The recipe was really easy - it only took about 10 minutes to do. The milk had to sit out at room temperature for about 12 hours, so Sunday morning before work, I drained it into cheesecloth. It wasn't really like the ricotta or paneer I had made before, where the curds separate visibly from the whey. I poured the entire pot into the cheesecloth, and it seemed very watery. I wasn't quite sure how it was going to turn out, but I was really excited to come home from work to find it had set up perfectly. I was happy.
I haven't quite had time to figure out what to do with it yet because on Monday I got really sick. I'll post some pictures once I make something with the cheese.
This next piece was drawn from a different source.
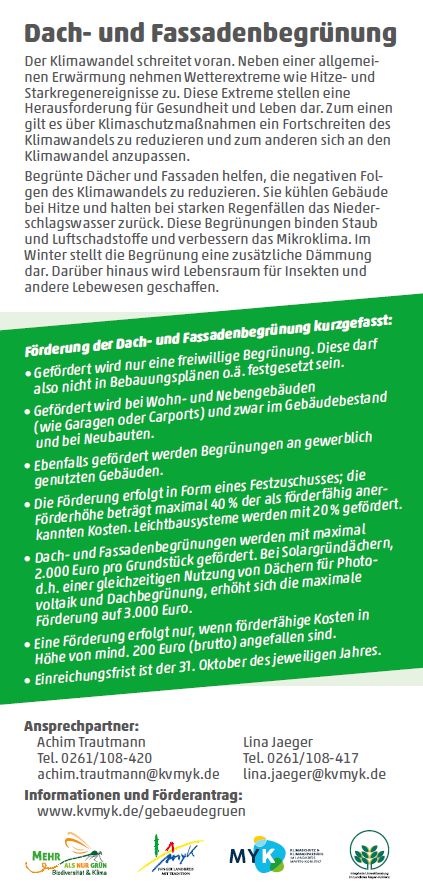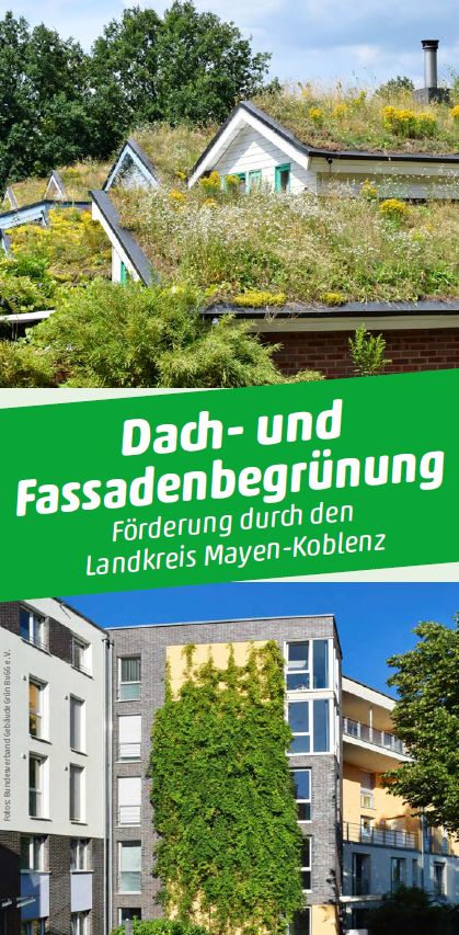 Zusätzlich bietet der Landkreis Mayen-Koblenz das Förderprogramm „Dach- und Fassadenbegrünung“ an. Gefördert wird bei Wohn- und Nebengebäuden wie Garagen oder Carports und zwar im Gebäudebestand und bei Neubauten, seit 2025 sind auch Eigentümer gewerblich genutzter Gebäude förderberechtigt. Die Förderung erfolgt in Form eines Festzuschusses wobei die Förderhöhe maximal 40% der als förderfähig anerkannten Kosten beträgt. Dach- und Fassadenbegrünungen werden mit maximal 2.000 Euro pro Grundstück gefördert. Bei Solargründächern, d.h. einer gleichzeitigen Nutzung von Dächern für Photovoltaik und Dachbegrünung, erhöht sich die maximale Förderung auf 3.000 Euro. Einreichungsschluss ist der 31. Oktober 2026.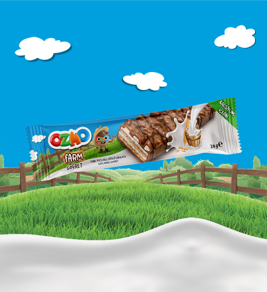 Вафля Ozmo Farm с молочной начинкой покрытые молочным шоколадом с хрустящим зерном, 24г х 24 шт

But I will definitely be making more cheese in the future, maybe some goat's cheese, if I can find goat's milk, and feta one day soon too.
From 200 Easy Homemade Cheese Recipes
4L whole milk
1/4 tsp aroma or mesophilic culture
2 drops liquid rennet
- In a large pot, warm milk over medium heat to 77F (25C), stirring gently to prevent scorching. Remove from heat.
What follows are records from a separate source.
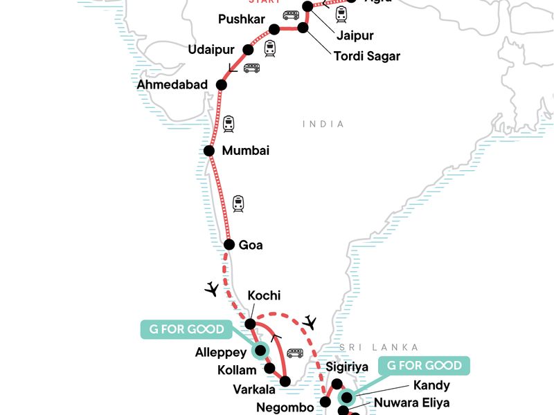 Your Big Night Out Moment: Hikkaduwa Beach Bar, Hikkaduwa. Entrance and guided tour of the Taj Mahal. Rural Tordi Sagar tour with local guide. Allepey Homestay. Sunrise at Savitri Temple. Gandhi Ashram visit. Morning ferry cruise on Alleppey's backwaters. Neendakara Fishing Harbour visit. Orientation walks in Jaipur, Pushkar, Udaipur, Mumbai, Kochi, and Kollam. Internal flights. Spice plantation visit. Kandyan cultural dance performance. Temple of the Tooth visit. Tea plantation visit. Little Adam's Peak Trek. Udawalawe NP safari. Galle City and Fort tour. All transport between destinations and to/from included activities.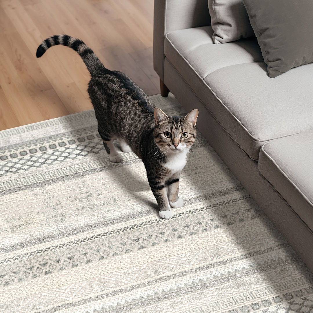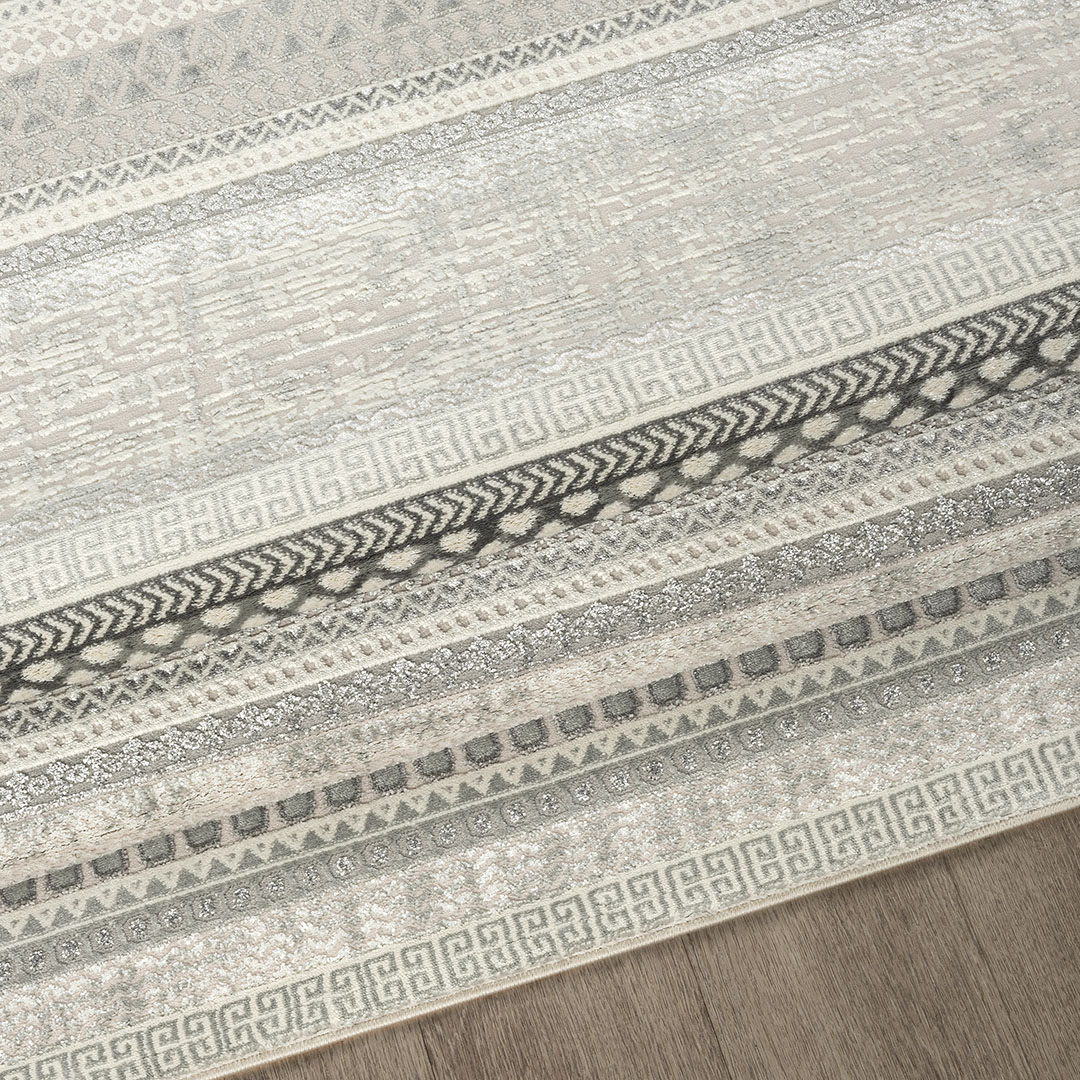 Τα μοντέρνα γεωμετρικά σχέδια του χαλιού Jade, προσφέρουν μια μοναδική αίσθηση κίνησης και ζωντάνιας, ενώ οι ουδέτερες αποχρώσεις του δένουν αρμονικά με κάθε διακόσμηση. Με γυαλιστερό νήμα που αιχμαλωτίζει το φως και αναδεικνύει τα μοντέρνα του σχέδια καθιστά το χαλί Jade ένα αληθινό έργο τέχνης για το δάπεδο σας
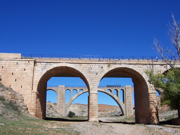 El primer puente, realizado en piedra labrada a caravista, posee tres arcadas sobre pilas curvas con sillar almohadillado. El murete esta desprovisto de cualquier elemento decorativo a excepción del uso de sillares almohadillados para remarcar las pilas, los estribos y los perfiles arquitectónicos, al igual que la sencilla balaustrada sobre el tablero superior, seguramente posterior a la fábrica del puente original.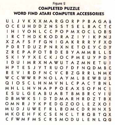 Supermarket shoppers are already familiar with "word-find" puzzle books, which grace the checkout-line magazine racks of America. The program presented here will enable you to make your custom word puzzle on any Atari equipped with a disk or cassette, and a printer (40- or 80- column). This puzzle might prove useful as a spelling study aid, as a quiet alternative to video games, or as party entertainment. In fact, I originally wrote this program for a friend who needed it for sales promotion party.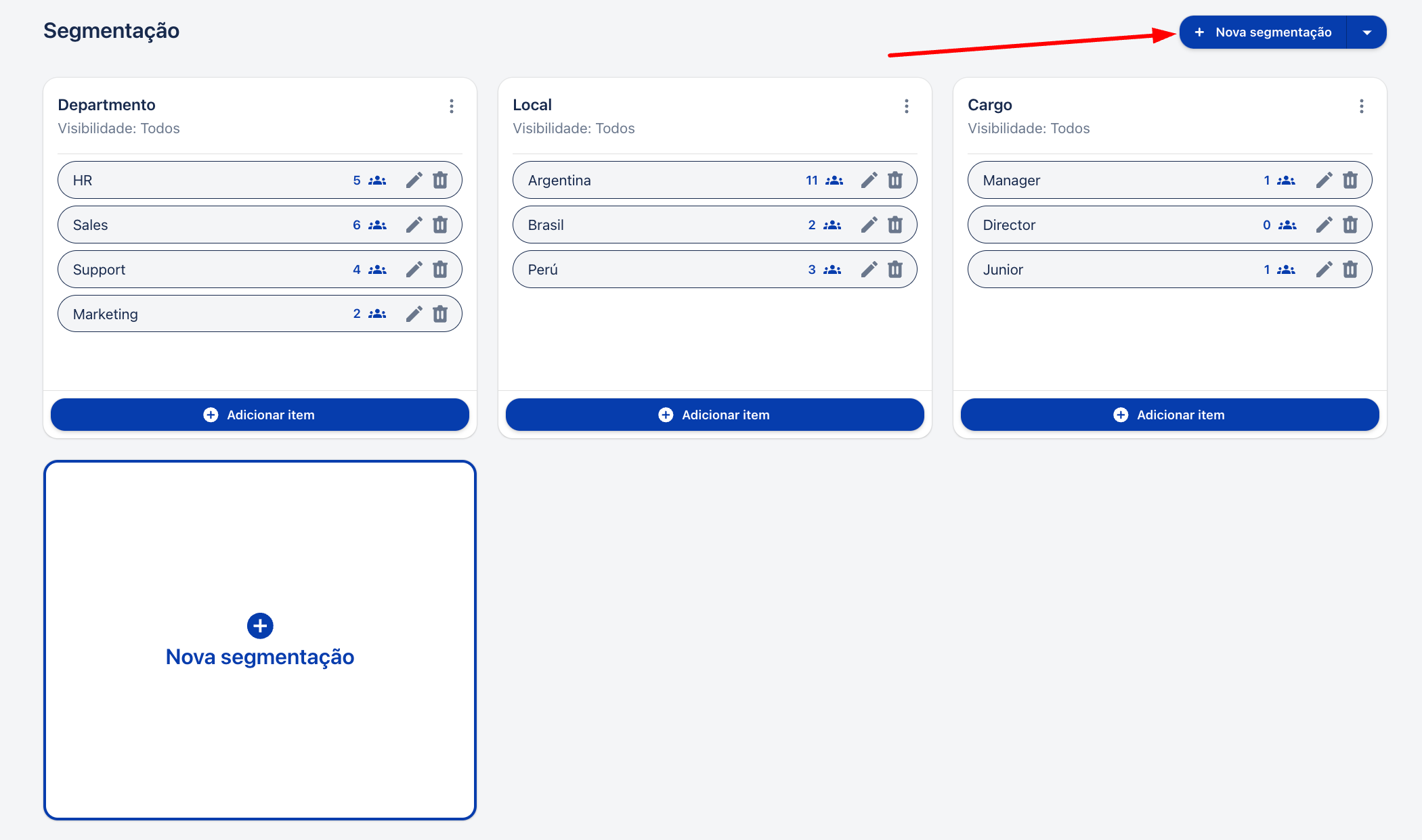 5. Você pode incluir itens de segmentação de Adicionar item.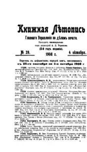 Книжная летопись Основной выпуск << < 1908 № 39 > >> |

- Sprinkle culture over surface of milk and let stand about 5 minutes to rehydrate.
- Using a skimmer and an up-and-down motion, gently draw culture down into milk without breaking surface of milk.
- Dilute rennet in 1 tablespoon of cool water.
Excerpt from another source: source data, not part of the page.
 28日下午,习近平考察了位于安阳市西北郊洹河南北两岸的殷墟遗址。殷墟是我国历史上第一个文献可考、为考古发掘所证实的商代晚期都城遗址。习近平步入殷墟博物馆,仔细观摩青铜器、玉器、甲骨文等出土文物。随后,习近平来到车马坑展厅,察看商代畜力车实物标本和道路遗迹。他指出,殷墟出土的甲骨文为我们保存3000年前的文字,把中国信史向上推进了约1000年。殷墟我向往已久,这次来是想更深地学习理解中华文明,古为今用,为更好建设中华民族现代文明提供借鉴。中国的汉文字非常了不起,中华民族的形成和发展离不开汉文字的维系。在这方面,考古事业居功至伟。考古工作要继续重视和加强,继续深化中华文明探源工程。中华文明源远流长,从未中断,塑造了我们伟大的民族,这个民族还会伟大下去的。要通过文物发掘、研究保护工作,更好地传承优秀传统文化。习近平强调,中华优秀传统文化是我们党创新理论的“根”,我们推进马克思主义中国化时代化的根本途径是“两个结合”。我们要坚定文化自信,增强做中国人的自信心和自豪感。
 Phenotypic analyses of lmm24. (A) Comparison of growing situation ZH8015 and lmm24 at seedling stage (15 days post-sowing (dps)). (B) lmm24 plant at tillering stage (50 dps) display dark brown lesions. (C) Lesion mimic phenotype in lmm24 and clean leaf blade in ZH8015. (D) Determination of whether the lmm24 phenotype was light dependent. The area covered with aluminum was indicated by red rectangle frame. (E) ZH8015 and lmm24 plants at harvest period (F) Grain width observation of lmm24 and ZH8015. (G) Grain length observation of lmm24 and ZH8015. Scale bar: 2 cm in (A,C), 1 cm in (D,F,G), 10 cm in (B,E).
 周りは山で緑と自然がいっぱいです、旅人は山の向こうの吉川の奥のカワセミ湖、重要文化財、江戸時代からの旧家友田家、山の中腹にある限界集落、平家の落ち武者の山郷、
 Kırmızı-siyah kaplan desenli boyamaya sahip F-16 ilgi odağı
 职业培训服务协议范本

- Add diluted rennet to milk. Using same up-and-down motion, draw rennet down into milk until well blended.
- Cover and let set at room temperature in a draft-free location for 12 hours.
- Using a skimmer, ladle curd into a cloth-lined colander and let drain. The draining will take several hours, depending on how firm you want your final product to be.
- Remove cheese from cloth and place in a bowl. Weigh cheese, then add 1% of the weight in salt.
- Store in the coldest part of the refrigerator for up to 2 weeks.